6. How soon does mold become a concern after water intrusion?
Mold concern rises when materials stay damp and cleanup gets delayed. The 24 to 48 hours response window matters most for clean water events because fast drying can limit growth risk.
Hidden moisture behind walls, under flooring, or inside cabinets can still create problems after surfaces look dry.
7. Should you photograph sewage backup or contaminated water?
-Photograph from a safe distance only.
-Do not walk through sewage, touch contaminated materials, or move soaked contents unless safety requires it.
-Capture the affected room, fixture, water spread, and visible impact so cleanup decisions can start with clear context.
8. What photos help after smoke or fire damage?
-Capture wide room photos, then closer images of soot, residue, staining, burned materials, affected contents, and odor-prone areas.
-Do not disturb electrical equipment, ash, or unstable materials.
-Photos can help separate direct fire damage, smoke residue, and cleaning needs across different rooms.
9. How often should you update storm-season photos?
-Refresh photos once a year before peak storm activity.
-Update them sooner after roof work, remodeling, tenant turnover, new appliances, major purchases, plumbing repairs, or drainage changes.
-A current photo file helps prevent confusion between old conditions and new damage.
10. What should you avoid while taking damage photos?
-Avoid unsafe rooms, standing water near electrical equipment, sagging ceilings, broken glass, sewage, and unstable structures.
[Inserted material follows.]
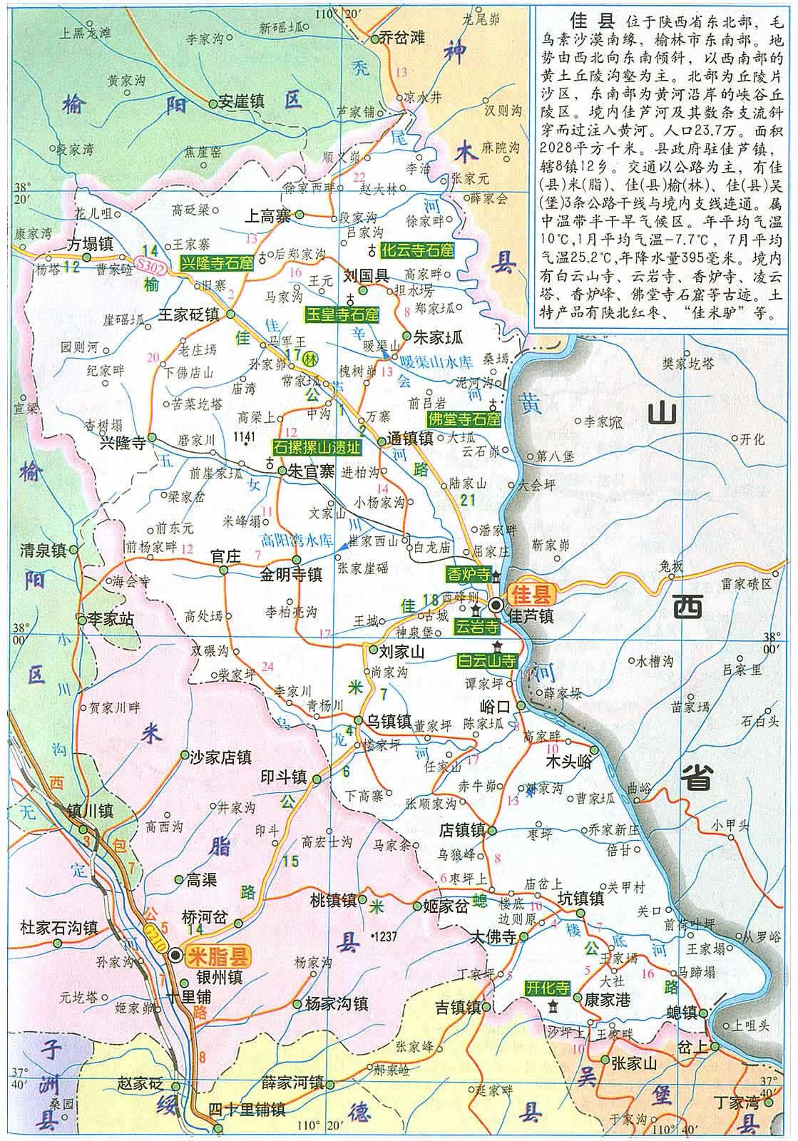 佳縣轄8個(gè)鎮(zhèn)、12個(gè)鄉(xiāng):

-Do not climb, pull apart materials, or move heavy items for a better angle.
-Safety matters more than a complete photo set.
11. Can photos replace a professional inspection?
No. Photos help organize decisions, but they do not reveal every hidden moisture pocket, smoke pathway, or structural concern. They give useful context for the next step. A qualified professional can evaluate affected materials, contamination concerns, and cleanup needs more thoroughly.